Over the past 6 months, I have been on a lot, not all at the same time, but the list includes Minocycline, Rifampin, Nystatin, Diflucan, Itraconazole, sida acuta, houttuynia, and a whole lot of supplements. Currently on Mino, Rifampin, and Nystatin. At some point during this phase of treatment I developed some neuropathy. This is something I haven't experienced previously, so I'm a bit scared, and looking for some moral support and advice.

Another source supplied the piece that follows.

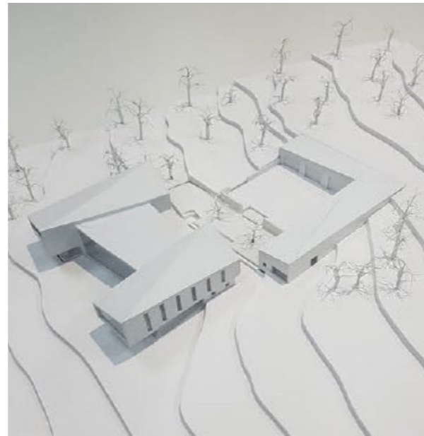
Fold House - 3D Model

HL have enjoyed working with the client to develop a House under the paragraph 79 planning legislation. The design has taken the form of a Northumberland Farmhouse and modern metal barns to create an inspirational design. The scheme has also taken full advantage of the latest environmental innovation methods, one of which is the storage of heat in the ground through an earth bank which will then be displaced back through the house. This design will set new standards of energy efficiency and self-generation and allow the effortless incorporation of the latest technologies which seek to push the boundaries of knowledge.

The neuropathy I experience is a skin sensation. It's almost like pin-pokes, skin tingles, or a crawling sensation. This started on my legs, and I've had surface muscle twitches on my legs as well. I added some supplements to help with nerve repair (CoQ10, Carnitine, NT Factor), and this seemed to reduce the "intensity" of the issue. I'm not sure if this has masked symptoms, or actually healed them. However, as of late, I seem to be noticing neuropathy symptoms on my skin in other areas of my body (arms, core, face, scalp). The other areas of my body tend to be a bit more of an "itchy skin" sensation, although some of it is minor pin-pokes as well, while my face seems to be more of a "tightness" feeling. This "expansion" of neuropathy started around the time that I added Rifampin about 1-1/2 months ago, coincidence or not. Immediately after starting Rifampin I noticed that the leg neuropathy became more persistent, triggering me to add in the nerve supplements. It has gradually expanded since then.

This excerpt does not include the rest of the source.